Let us see what’s going on…

plot(1:99,Vectorize(reg)(1:99)) |

(actually, it’s not exactly what we have on the graph…. we have the average obtained over 1,000 samples randomly generated, with 90% confidence bands). Oberve that \mathbb{E}[R^2_k]=k/n, i.e. if we add some pure random noise, we keep increasing the R^2 (up to 1, actually).

Good news, as we’ve seen in the course, the adjusted R^2 – denoted \bar R^2-might help. Observe that \mathbb{E}[\barR^2_k]=0, so, in some sense, adding features does not help here…

reg=function(k){ frm=paste("Y~",paste("X",1:k,collapse="+",sep="")) model=lm(frm,data=df) summary(model)$r.squared} plot(1:99,Vectorize(reg)(1:99)) |

We can actually do the same with Akaike criteria AIC_k and Schwarz (bayesian) criteria BIC_k.

reg=function(k){ frm=paste("Y~",paste("X",1:k,collapse="+",sep="")) model=lm(frm,data=df) AIC(model)} plot(1:99,Vectorize(reg)(1:99)) |

For the AIC, the intitial increase makes sense : we should not prefer the model with 10 covariates, compared with nothing. The strange thing is the far right behavior : we prefer here 80 random noise features to none ! Which I find hard to interprete… For the BIC the code is simply

reg=function(k){ frm=paste("Y~",paste("X",1:k,collapse="+",sep="")) model=lm(frm,data=df) BIC(model)} plot(1:99,Vectorize(reg)(1:99)) |

and here also, we have the same pattern, where we prefer a big model with juste pure noise to nothing…

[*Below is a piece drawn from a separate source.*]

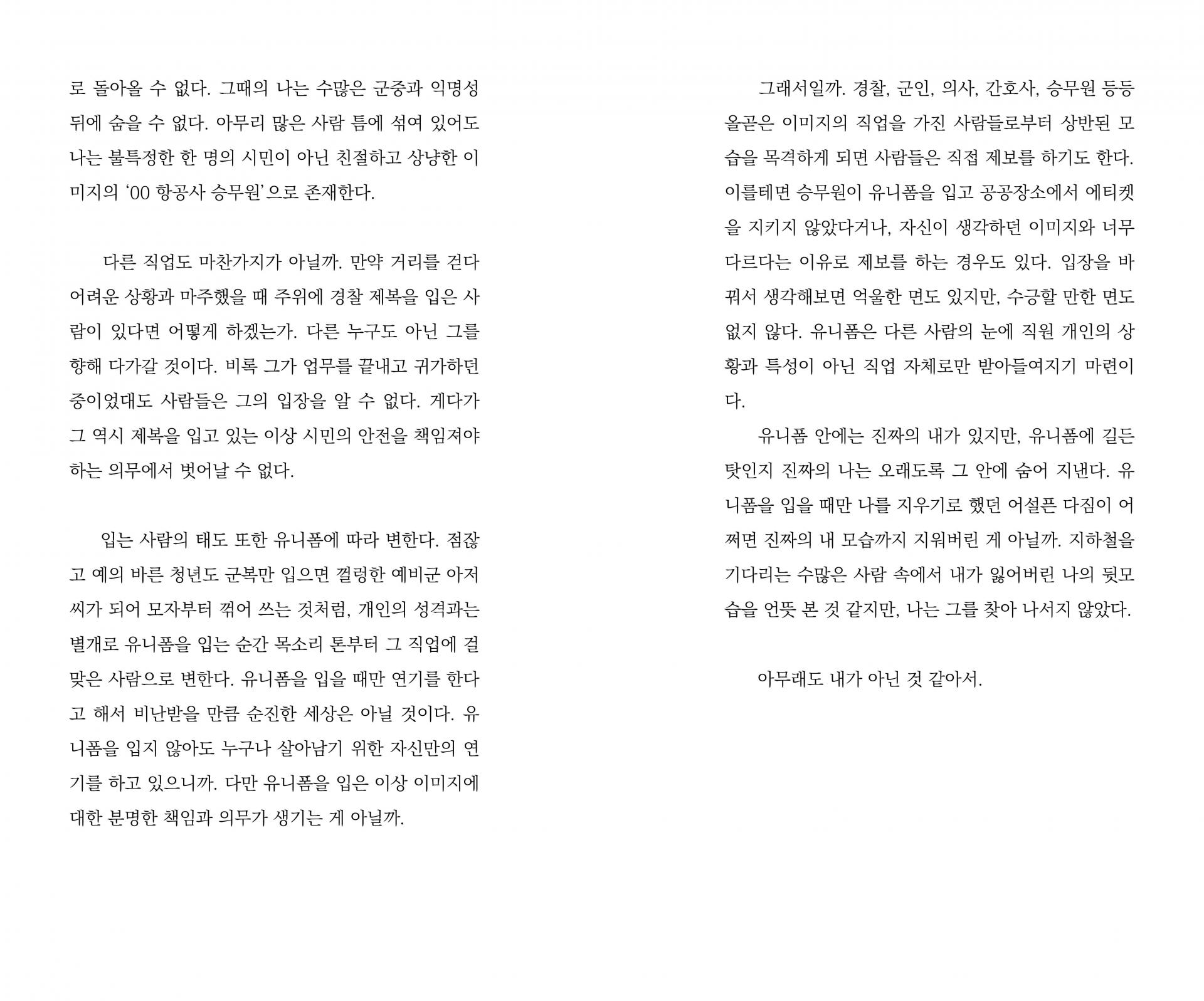 삶을 이루는 다양한 장면들도 언뜻 보면 모두 별개이지만, 품고 있는 목표가 같다면 결국은 하나의 이야기처럼 연결되지 않을까. 거창한 꿈은 아닐지라도 일상에서 결코 놓을 수 없는 오랜 취미나 습관 같은 것들이 사람의 생각과 행동, 그리고 선택의 방향에 깊숙이 관여한다면 삶의 끝에는 비슷한 장면들로 편집된 결말이 기다리고 있을 것이라 믿는다. 42p

A last one to conclude (or not) : what about the leave-one-out cross validation mean squared error ? More precisely, CV=\frac{1}{n}\sum_{i=1}\widehat{\varepsilon}^2_{-i}where \widehat{\varepsilon}^2_{-i}=y_i-\widehat{y}_{-i} where \widehat{y}_{-i} is the predicted value obtained with the model is estimated when the ith observation is deleted. One can prove that \widehat{\beta}_{-i}=\widehat{\beta}-(\mathbf{X}^T\mathbf{X})^{-1}\mathbf{x}_i\hat\varepsilon_i(1-H_{i,i})^{-1}where H is the classical hat matrix, thus\widehat{\varepsilon}_{-i}=(1-H_{i,i})^{-1}\hat\varepsilon_ii.e. we do note have to estimate (at each round) n models

reg=function(k){ frm=paste("Y~",paste("X",1:k,collapse="+",sep="")) model=lm(frm,data=df) h=lm.influence(model)$hat/2 mean( (residuals(model)/1-h)^2 ))} plot(1:99,Vectorize(reg)(1:99)) |

Here, it make sense : adding noisy features yields overfit ! So the mean squared error is decreasing !

That’s all nice, but it might not be very realistic… Here, for my model with only one variable, I just pick one, at random…. In practice, we try to get the “best one”… So a more natural idea would be to order the variables according to their correlations with y,

df=data.frame(matrix(rnorm(n*n),n,n)) df=df[,rev(order(abs(cor(df)[1,])))] names(df)=c("Y",paste("X",1:99,sep=""))} |

and as before, we can plot the evolution of R^2_k as a function of k the number of features considered,

which is increasing, with a higher slope at the beginning… For the \bar R^2_k we might actually prefer a correlated noise to nothing (which makes sense actually). So here since we somehow chose our variables, \bar R^2_k seems to be always positive…

For the AIC_k here also, there is an improvement. Before coming back to the original situation (with about 80 features) and here also, we observe the drop on the far right part of the graph

The BIC_k might like the top three features, but soon, we have a deterioration…. even if here also, we have the drop at the far right (with more than 95 features… for 100 observations).

Finally, observe that here again, our (leave-one-out) cross-validation has not been mesled by our noisy variables : it is always decreasing !

So it seems that cross-validation techniques are more robust than the AIC and BIC (even if we mentioned in a previous post connexions between all those concepts) when we have a lot a noisy (non-relevent) features.